5) Одному своему пациенту я запретил звонить по телефону возлюбленной, с которой он и сам собирался порвать: дело в том, что любой разговор требовал все новых усилий по отвыканию от нее. Ему следовало сообщить прощальные слова по поводу их отношений в письменном виде, невзирая на трудности с доставкой письма. При таких обстоятельствах он посетил меня около часа дня, чтобы сказать, что нашел способ обойти эти трудности и, кроме всего прочего, спросил, может ли он сослаться на мой авторитет в качестве врача. Около двух часов он занимался редактированием письма с сообщением о разрыве, но затем прервался и сказал присутствующей при этом матери: «Я совсем забыл спросить профессора, могу ли я в письме упомянуть его фамилию». Потом он спешит к телефону, просит соединить его и говорит в трубку: «Может ли господин профессор после обеда говорить по телефону?» В ответ прозвучал удивленный голос: «Адольф, ты что, с ума сошел?» – и как раз тот самый голос, который, если следовать моему запрету, он не должен был слышать! Он всего лишь «ошибся» и вместо номера врача назвал номер возлюбленной.
6) Одной молодой даме[190] нужно было нанести визит вышедшей недавно замуж подруге, живущей на улице
7) В одном дачном местечке школьный учитель, очень бедный, но весьма импозантный молодой мужчина, ухаживал за дочерью владельца загородного дома из большого города до тех пор, пока девушка страстно в него не влюбилась, а еще и подвигла свое семейство одобрить их брак, невзирая на имущественные и национальные различия. В один прекрасный день учитель пишет своему брату письмо, в котором сообщает: «Девчушка совсем не красавица, но довольно мила, и этого вполне достаточно. Однако решусь ли я жениться на еврейке, этого я тебе еще не могу сказать». Письмо попало в руки невесты и положило конец помолвке, тогда как в то же самое время брату приходилось удивляться адресованным ему излияниям любви. Мой информатор заверял меня, что в данном случае имела место ошибка, а не хитроумная уловка. Известен мне и еще один случай, когда дама, недовольная своим прежним врачом, но не желавшая отказывать ему напрямую, добилась этого, перепутав письма. По крайней мере, тут я могу ручаться, что это случилось в результате ошибки, а не благодаря осознанному использованию широко известного комедийного приема.

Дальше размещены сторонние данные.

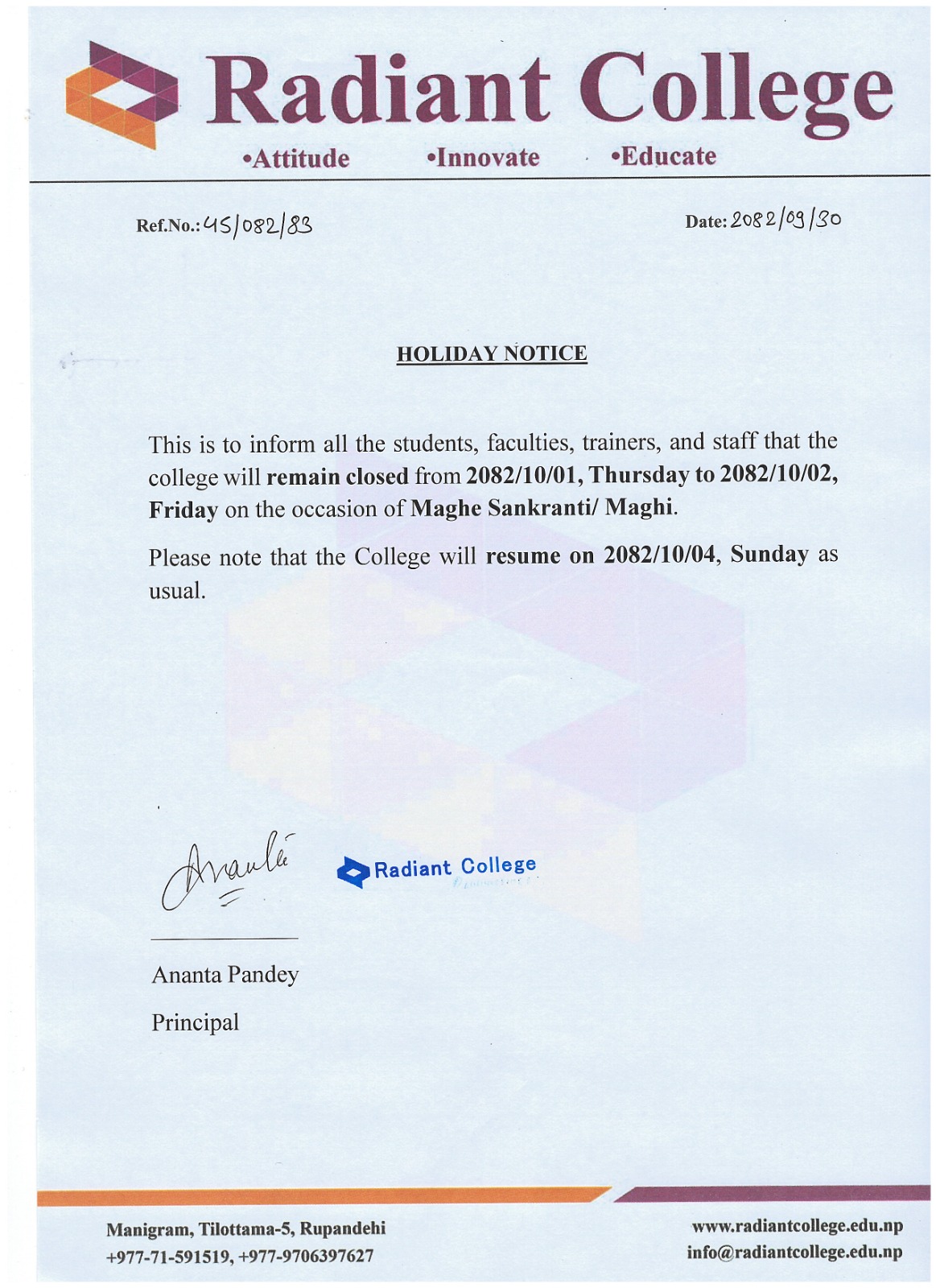 Holiday Notice - Maghe Sankranti 2082

8) Брилл[191] рассказывает об одной даме, которая, осведомляясь у него о самочувствии общей знакомой, по ошибке назвала ту ее девичьей фамилией. Когда на это обратили ее внимание, ей пришлось признать, что она не любит мужа этой дамы и была очень недовольна ее замужеством.

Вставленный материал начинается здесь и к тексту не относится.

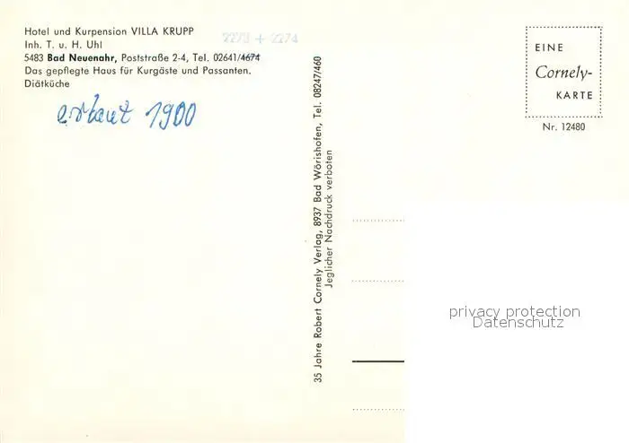 Bad_Neuenahr-Ahrweiler Hotel und Kurpension Villa Krupp Bad_Neuenahr-Ahrweiler postalisch nicht gelaufen nach 1965 Erhaltung siehe scans [WerneD78] WernPID7

9) Еще один случай заблуждения, который можно назвать и оговоркой: некий молодой отец обратился к чиновнику конторы по регистрации актов гражданского состояния с сообщением о рождении своей второй дочери. На вопрос, как назовут ребенка, он ответил: «Ханна». Однако от чиновника ему пришлось услышать: «У вас уже есть ребенок с таким именем. Нам придется сделать вывод, что эта вторая дочь вам вовсе не так желанна, как в свое время первая».

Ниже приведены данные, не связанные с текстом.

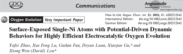 近日,db旗舰谷晓俊教授课题组取得重要研究进展,相关成果在化学领域的国际顶级学术期刊Angew. Chem. Int. Ed.上发表,题为“Surface-Exposed Single-Ni Atoms with Potential-Driven Dynamic Behaviors for Highly Efficient Electrocatalytic Oxygen Evolution”(论文连接:https://onlinelibrary.wiley.com/doi/10.1002/anie.202212542),并被选为VIP论文。
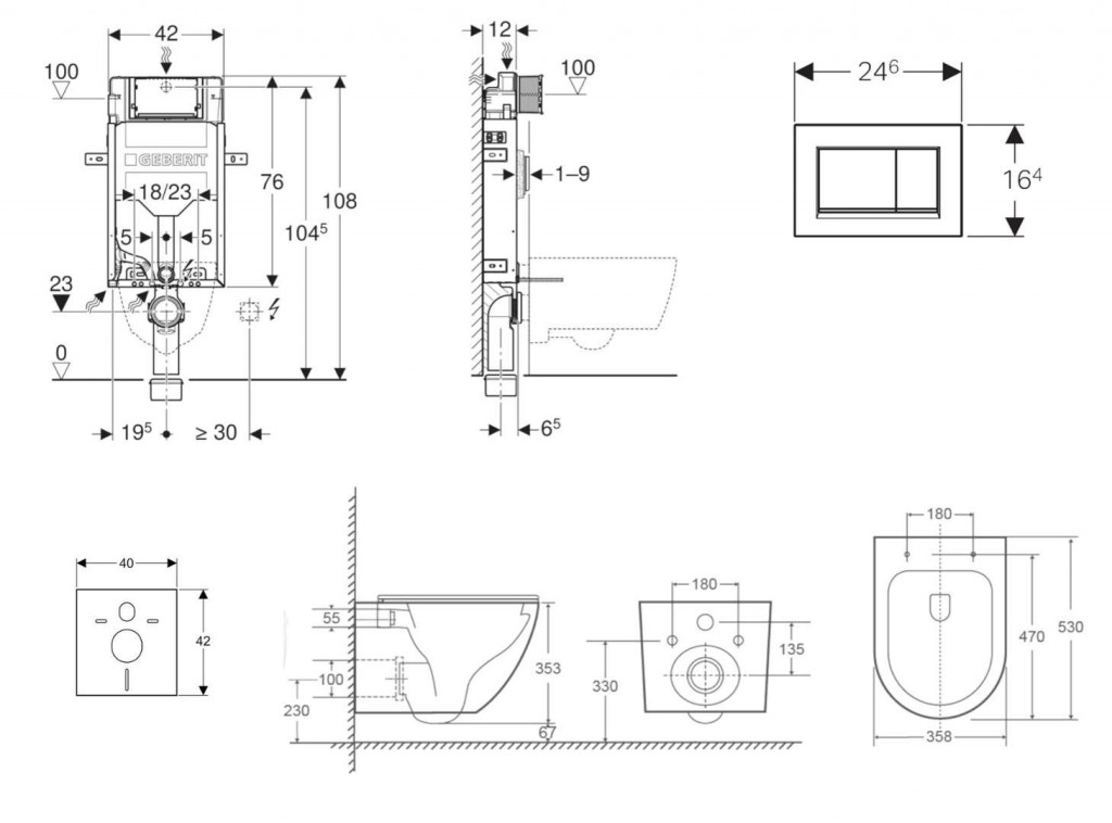 - vybavený rúrkovou chráničkou pre prívodné potrubie na pripojenie sprchovacích WC Geberit AquaClean

10) Добавлю[192] здесь несколько других наблюдений с подменой имен, которые с такими же основаниями можно было привести в других разделах книги. Некая дама является матерью трех дочерей, из которых две давно уже замужем, тогда как самая младшая еще поджидает своего суженого. Одна подруга дамы преподносила на свадьбах ее дочерей один и тот же подарок – дорогой серебряный чайный сервиз. Ныне об этом сервизе так часто ведут разговоры, что мать по ошибке называет его владелицей третью дочь. Очевидно, что это заблуждение выражает желание матери и последнюю дочь удачно выдать замуж. При этом она надеется на аналогичный свадебный подарок.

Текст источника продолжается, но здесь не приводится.